This repo contains the code for the paper:
CausalCite: A Causal Formulation of Paper Citations (2023)
Ishan Kumar*, Zhijing Jin*, Ehsan Mokhtarian, Siyuan Guo, Yuen Chen, Negar Kiyavash, Mrinmaya Sachan, Bernhard Schoelkopf (*: Co-first author)
To download the Dataset you need a Semantic scholar API key which lets you make 5k requests in 5 mins. This key can be obtained by filling out the form on the Semantic Scholar Website. https://www.semanticscholar.org/product/api#api-key-form.

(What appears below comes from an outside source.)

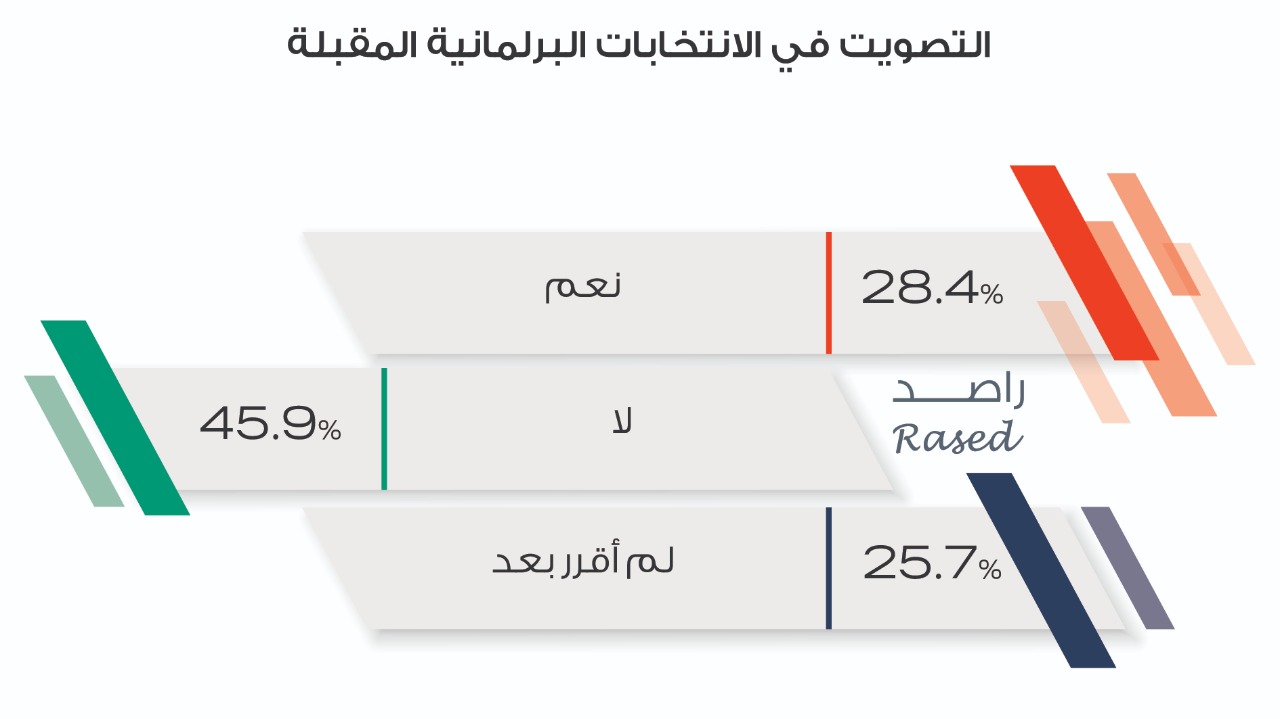 وبينت النتائج أن 45.9% من الشباب لا ينوون المشاركة في الانتخابات القادمة في حين بلغت نسبة ممن يرغبون بالمشاركة ولإدلاء بأصواتهم 28.4% وبلغت نسبة الذين لم يقرروا بعد المشاركة 25.7% من مجموع المستجيبين، مما يعني أن هذه النسبة ما زالت لم تحسم أمرها ويمكن العمل عليها واستهدافها للمشاركة الفاعلة في الانتخابات القادمة مما سيساهم في زيادة نسبة التصويت يوم الاقتراع.

Once you have the key, replace it in the downloadDatasets.py
file in the apiKey
value.
datasetDownload = "papers"
python downloadDatasets.py
datasetDownload = "abstracts"
python downloadDatasets.py
The Datasets will be downloaded in the form of 30 .jsonl files in the mentioned output folder
The 3 datasets Abstracts, Papers, Citations can be preprocessed using the scripts in code/dataProc/*.py
.
This will combine the relevant data from the 30 jsonl
files into 1 single .csv
file.
Once all the Datasets are created, you can run the causal cite code by replacing the path variables.
python code/getCIIdata.py --model_path /path/to/specter2 --citationData_path /path/to/fullCitationDataset.parquet.gzip --paperData_path /path/to/fullpapersdata.parquet.gzip --bm25Path /path/to/bm25_data --output_path /path/to/output --CandidatePool_path /path/to/candidate_pool --paperAid 3303339
The output will be created as a folder named as PaperA's ID and it will contain all of its sampled Citation Paper Bs files. These can be used to calculate the TCI.